AI による PLC 自動制御 |
現在、高含水率汚泥乾燥機 KENKI DRYER はプログラムにより機械動作の制御を行う装置PLCで運転していますが、完全な無人運転ではなく、乾燥後の含水率に合わせ乾燥機の軸の回転数を人手で調整する必要があります。乾燥物の乾燥後の含水率をなるべく一定にするため乾燥物の含水率及び乾燥機内温度の変動に合わせ、乾燥機本体軸の回転数を熟練技術者が微調整する必要が出て来ます。
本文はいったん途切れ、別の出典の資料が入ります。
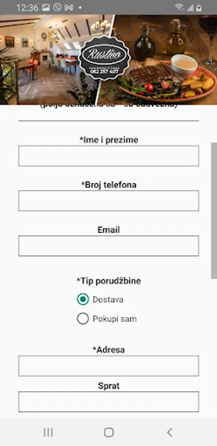Order food and drinks from a Rustico restaurant for a delivery on desired address or pickup in restaurant.
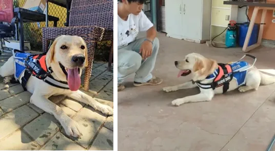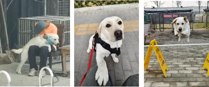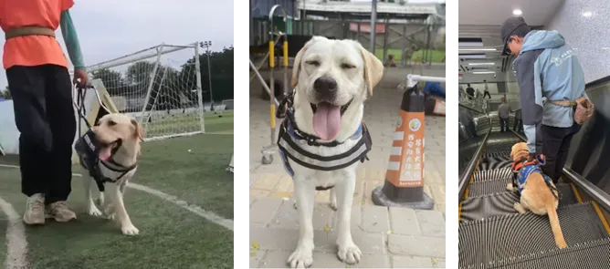 部分优秀的狗狗已进入实地带路练习,为后续适配视障者做足准备,预计2026年将免费为4位盲人适配专属导盲犬,帮助他们打破出行障碍,平安出行;

その熟練者の経験と勘の技術を、乾燥物の乾燥前後の含水率及び乾燥機内4ケ所の温度変化に合わせたAIプログラムへ取り入れ、乾燥機本体軸の回転数を人手を要せずに無人で的確に自動的に調整、変更できるようにします。このAIとは推定データを基にモデルを構築し自動制御を行いますが、多くの情報データを蓄積し利用することによりその推定データは常に変化しAIによる自動制御はより正確性が増します。そのためAIでの自動制御はIoTとのシステム連携が非常に重要で、それにより稼働後の自動制御はIoTにより蓄積されたデータをAIが推定利用することにより更に正確な自動制御を行えるようになります。これにより無人自動運転が実現し熟練技術者を雇用する必要はなく人件費は発生しない上、設置現場での人との接触が避けられコロナ対策にもなります。
AIモデル構築の工程 |
AIモデル構築は、1)推定データの基盤整備、2)AIモデルの検証・開発、3)PLCへの組み込み、4)IoTシステムとの連携及び実証の4工程で行います。
1. 推定データの基盤整備 |
AIモデルの開発に当たって、最初に推定データの基盤の整備を行います。AIシステムの設計の段階において、乾燥物の含水率をコントロールするために必要なデータは何であるか推定する工程が最も重要です。そのため、先ずAIベンダーと共同で取得でき得るデータの中よりコントロールに有用な情報を推定し、その推定されたデータの取得基盤を整えます。現状では既に蓄積された過去の実験データにより乾燥機の温度センサーのログデータにより乾燥物の乾燥データがコントロールされていると推測されるため、最初にこのログデータを取得する基盤を整えます。但し、現状のログデータは人手で30分毎に記録したものであるため、このデータの活用ではAIでの自動制御においては精度を出すのは困難です。そのため、IoT遠隔操作とのシステム連携により秒単位未満でのログデータを取得し、そのデータ活用による自動制御がより確実に進歩するデータ基盤構築を行います。
2. AIモデルの検証・開発 |
この工程では、高含水率汚泥乾燥機乾燥機 KENKI DRYER の制御を自動化するAIモデルを複数パターン構築し検証します。具体的には、多変量時系列解析モデルSARIMAや、ディープラーニングを用いた時系列予測モデルTransformerの構築を想定しています。これらのモデル以外にも一旦構築したモデルの稼働データを取得しその内容を検証した上で様々な実現方法を模索しながら開発を行います。このAIモデル構築の内容が現場熟練技術者の経験と勘の内容であり、熟練技術者に成り代わり乾燥機の無人自動運転を行います。
3. PLCへの組み込み |
開発したAIモデルをプログラムにより機械動作の制御を行う装置PLCへの組み込みを行います。具体的には、ユーザー側の要望に合わせて対応できるように、制御盤に端末を設置しローカルで制御する方法と、AWS(アマゾンウェブサービス)等をクラウドのネット環境で実現する方法の2種類を想定しています。どちらの方法であっても開発したAIモデルの計算負荷により柔軟に対応ができます。PLCへ組み込んだ後は乾燥機に接続しAIモデルのみ単独での動作確認及び実証を行います。
4. IoTシステムとの連携及び検証 |
前工程 3)での無人自動運転動作確認後にIoTとのシステム連携を実証、検証を行います。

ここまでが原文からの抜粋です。